[Opening Data provided section]

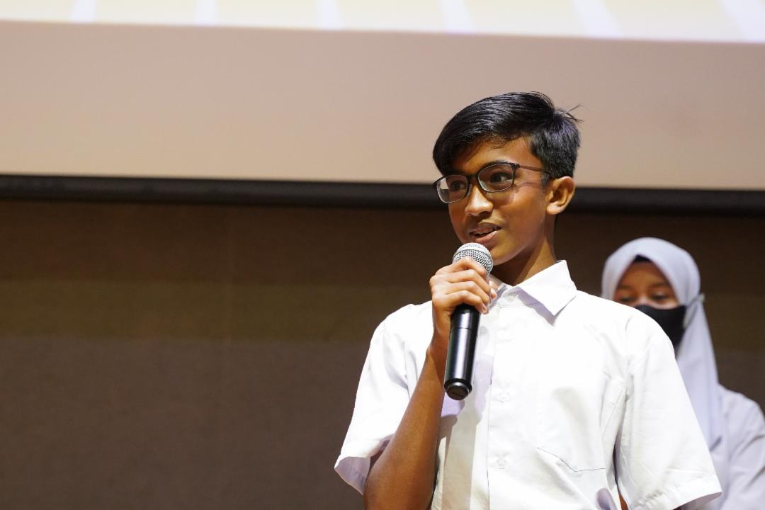 第一位分享的是安华沙迪(Anwar Sadiq Ramzan Ali)。安华与大家分享了他的住所和他的家人。妈妈是家庭主妇,爸爸以资源回收的工作撑起家里的经济,要养活安华五位兄弟姊妹和奶奶。课余时间,安华是爸爸的小帮手,帮忙整理回收物。十个月大的妹妹身有重疾,她没有耳朵也没办法自己咀嚼吞食,需要用针筒从鼻子注入食物。给妹妹喂食的任务不简单,可是安华却甘之如饴。慈济合心教育中心的成立,让安华有机会跟大家一样接受教育、参加运动会,他也参加了学校的说故事比赛。安华说:“我跟大家一样是儿童、是学生,虽然我的生活不容易,可是我从不放弃,希望大家保持热爱学习的心、友善和相信自己。”
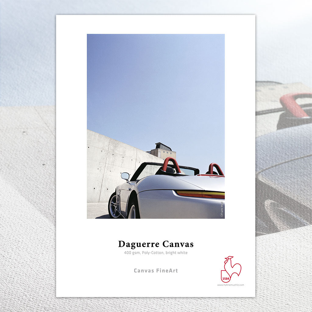 Hahnemühle Daguerre Canvas 400 gsm is a bright white, poly-cotton canvas with a matte finish and fine texture. Its heavyweight base provides strength and durability, making it ideal for photo reproductions, fine art, and gallery wraps that need crisp detail and long-term stability.
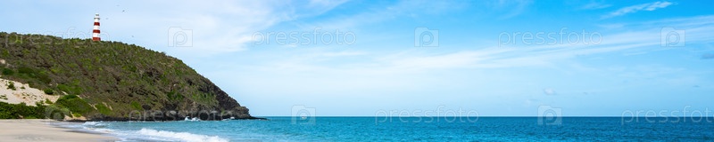 Пляж с маяком на холме удален из дрона
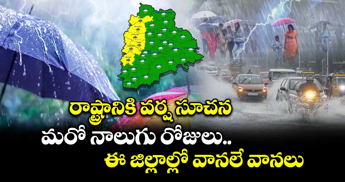బుధవారం(ఈరోజు) అదిలాబాద్, కొమరం ఆసిఫాబాద్, మంచిర్యాల, జగిత్యాల, నిర్మల్, నిజామాబాద్, రాజన్న సిరిసిల్ల, కామారెడ్డి, సంగారెడ్డి, మెదక్, సిద్దిపేట, హనుమకొండ, వరంగల్, జనగాం, యాదాద్రి, భువనగిరి, హైదరాబాద్, రంగారెడ్డి, వికారాబాద్, నారాయణపేట, మహబూబ్ నగర్, నాగర్ కర్నూల్, వనపర్తి, జోగులాంబ గద్వాల్ జిల్లాలకు ఎల్లో అలర్ట్ జారీ చేసింది.
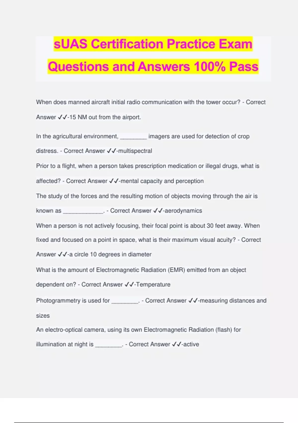 sUAS Certification Practice Exam Questions and Answers 100% Pass
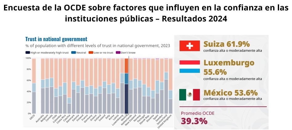 México se ubica entre los tres países de la OCDE con mayor confianza en su gobierno nacional

[Closing Data provided section]

What to do:
Transcribe, word for word, the stretch of lines in the data above from the one with "Пляж с маяком на холме удален из дрона" through the one with "sUAS Certification Practice"; omit all pictures.

Answer to the problem:
 Пляж с маяком на холме удален из дрона
బుధవారం(ఈరోజు) అదిలాబాద్, కొమరం ఆసిఫాబాద్, మంచిర్యాల, జగిత్యాల, నిర్మల్, నిజామాబాద్, రాజన్న సిరిసిల్ల, కామారెడ్డి, సంగారెడ్డి, మెదక్, సిద్దిపేట, హనుమకొండ, వరంగల్, జనగాం, యాదాద్రి, భువనగిరి, హైదరాబాద్, రంగారెడ్డి, వికారాబాద్, నారాయణపేట, మహబూబ్ నగర్, నాగర్ కర్నూల్, వనపర్తి, జోగులాంబ గద్వాల్ జిల్లాలకు ఎల్లో అలర్ట్ జారీ చేసింది.
 sUAS Certification Practice Exam Questions and Answers 100% Pass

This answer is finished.